I literally have zero knowledge about tuning. I'm not a mechanic, I don't own a shop and I have never tuned anything I'm my entire life. I'm just a complete beginner, with a basic understanding of how an engine works, slowly making my way through the foundation courses.

My goal at the end of this journey is just to complete one simple tuning project: mapping VE and AFR of a 2017 Smart Fortwo -- a tiny little car, perfect for studying. If I'm able to do just those two things, with no dyno, on the road, I'll consider my mission accomplished :)

Right know, though, I am a bit overwhelmed. There are so many things and I am confused. I wonder if I will ever be able to pull this off. That's why I'm turning to you. Would you be willing to offer me a little bit of support to complete my project?

As a starting point, I have no idea what kind of software (interface?) I am supposed to buy for the Smart? I don't know how to "connect" the ECU to the laptop and, of course, I have no idea how to install a wideband sensor on the car. Do I need to buy additional hardware, or I just need the software (apart from the wideband sensor, of course). Is there any free software -- or cheap -- that works for my car and that I can use just for doing that basic stuff?

Sorry if the questions seem silly -- I guess you can see I'm starting literally from scratch lol. Yet, I'm sure your help will kickstart my project and give me confidence!

Thank you for taking the time to read the post and for your answers!



Ciao Davide

Unfortunately the SMART on factory ECU is the wrong car to start learning the fundamentals of ECU calibration.

The SMART car is equipped with a BOSCH ECU which can be read and written to by the use of KESS / KTAG, but once you collected the data from the ECU the data needs to be edited by the use of WinOLS.

WinOLS is not for the faint hearted and few folks truly master it!

If you collect the data, you could send it to an experienced WinOLS tuner though and power gains for the SMART car are possible. I must point out that the SMART motor has a reputation of not being very strong when it comes to longevity, proceed with caution.


If you can get your hands on an older / simpler car and convert it to a standalone engine management, then you can have a chance of success.

However though, this requires that you gain knowledge of how electrical and mechanical systems (and more) in an automobile work and to be willing to endure setbacks (also of financial nature) when things go wrong during trial and error.

The best advice I can give you is to buddy up with someone near you who already has extensive knowledge in this field, someone who is able and willing to guide you hands on.

Best regards


Hi David,

I dont want to appear negative but I really can only echo exactly what DynoDom has said.

You really couldnt have chosen a much worse platform to try and learn from. :(

With no automotive mechanical background at all I absolutely would not advise trying to master O.E ECU decoding and tuning as you are setting yourself up for frustration and failure from day 1. It takes those of us who have done it all our lives many years to get even close to mastering an O.E ECU and we will never be at O.E level with it because there are very rarely any manuals available and those that are, change hands for thousands. Ive bought a few "Blue books"over the years for the platforms I personally specialise in, such as Ford Ecoboost and they are rarer than gold dust.

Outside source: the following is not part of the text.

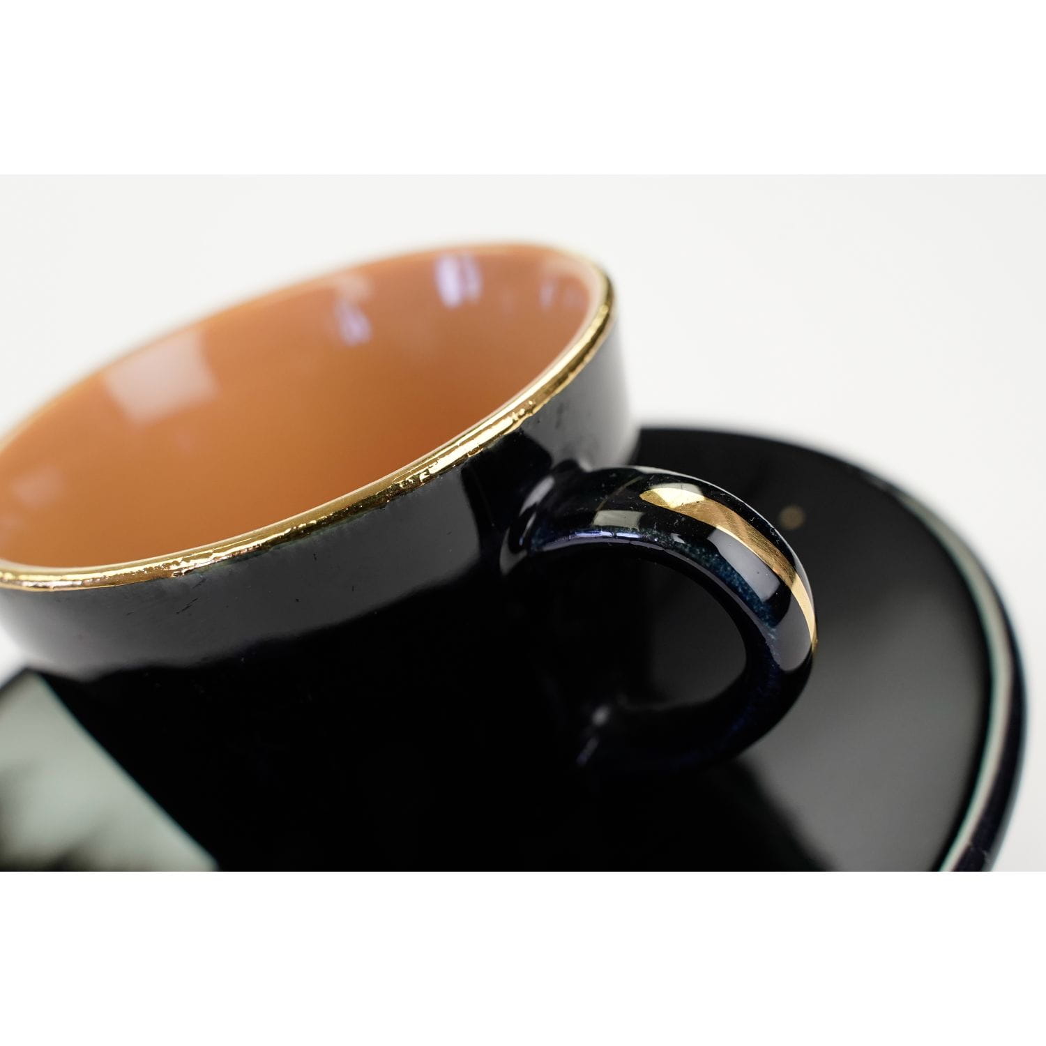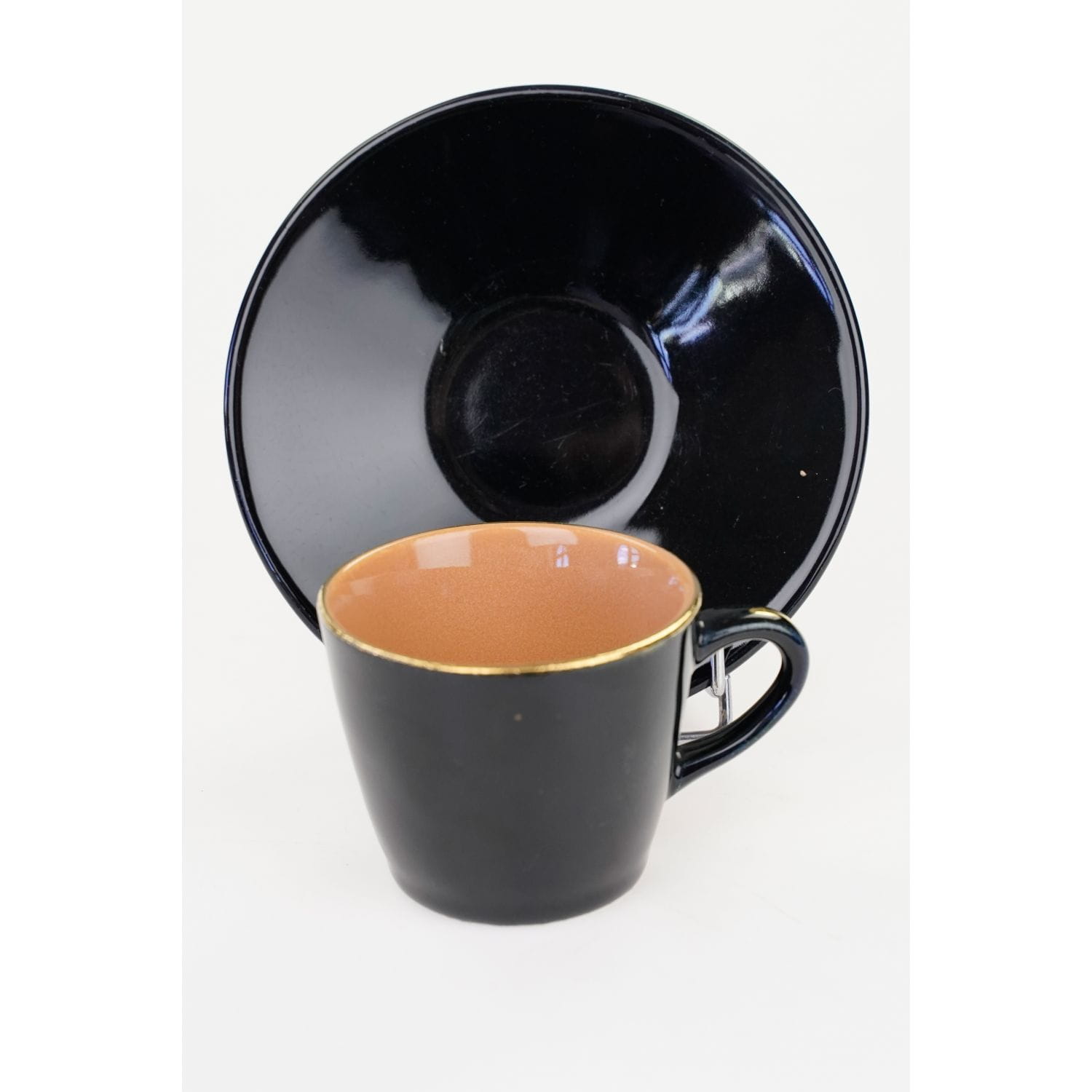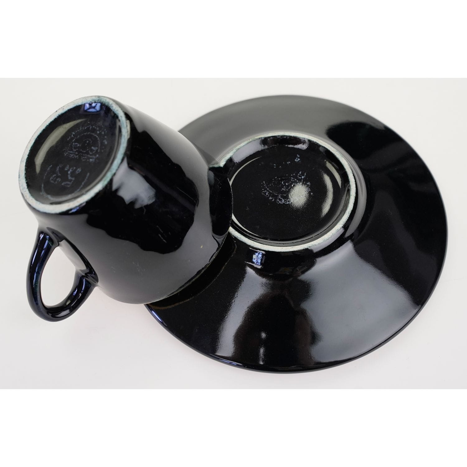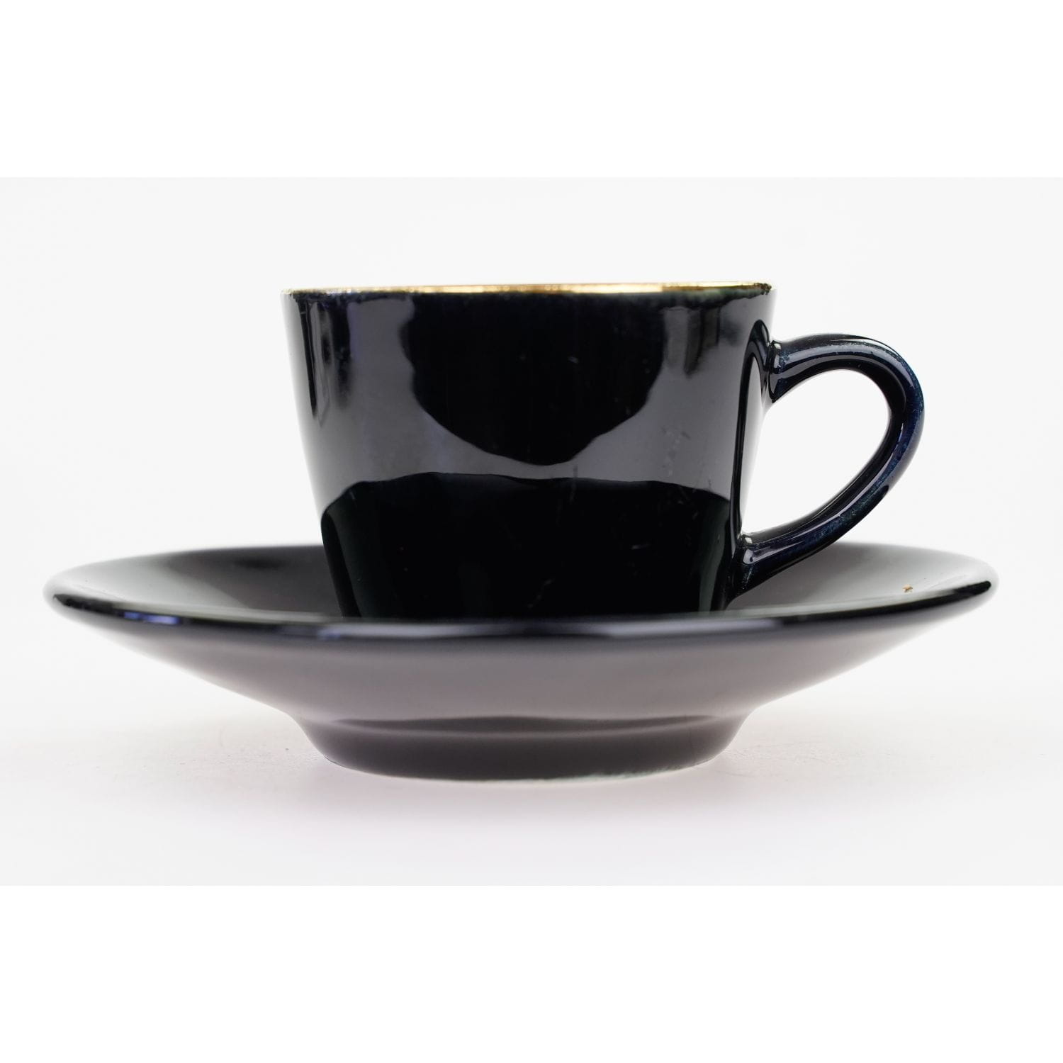 Pochodzi z Bohemii z miejscowości Trnovany z wytwórni Ditmar-Urabch z lat 60/70-tych XX wieku. Ceramika szkliwiona ze złoceniami na krawędziach. Spodek w czarnym kolorze, filiżanka na zewnątrz czarna, wewnątrz beżowa.
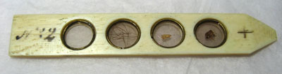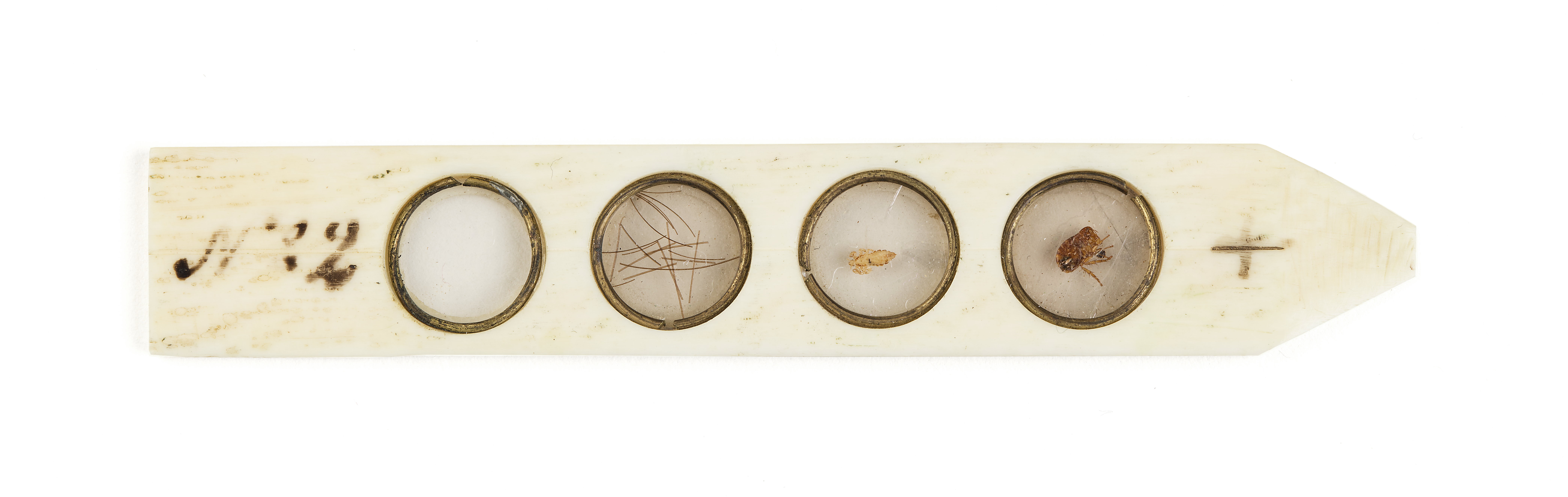 Gulvit, troligen av elfenben. Rektangulär, platt med ena änden spetsig, i andra änden svart påskrift "No 2". I mitten fyra hål på rad med glas (möjligen glimmer) och fästring av mässingstråd. No 2.X Loppa Lus m hår m skinn.

Honestly, the best advice is, as Dom above said, buy a cheap car with aftermarket fitted to it.

ECUMaster, OMEX, Megasquirt, anything at all, and then the videos on HPA will start to make some sense.

Best of luck with your quest. :)

Hello DynoDom and Stu!

Thank you for your answers. Actually, that's OK. You guys gave me solid advice, and I'm glad you suggested focusing elsewhere. Picking your battles is as important as winning them! :)

To clarify, @Stu, when you say to buy a cheap car with aftermarket fitted to it, do you mean buy a car you're sure there's a commercial flashing kit available?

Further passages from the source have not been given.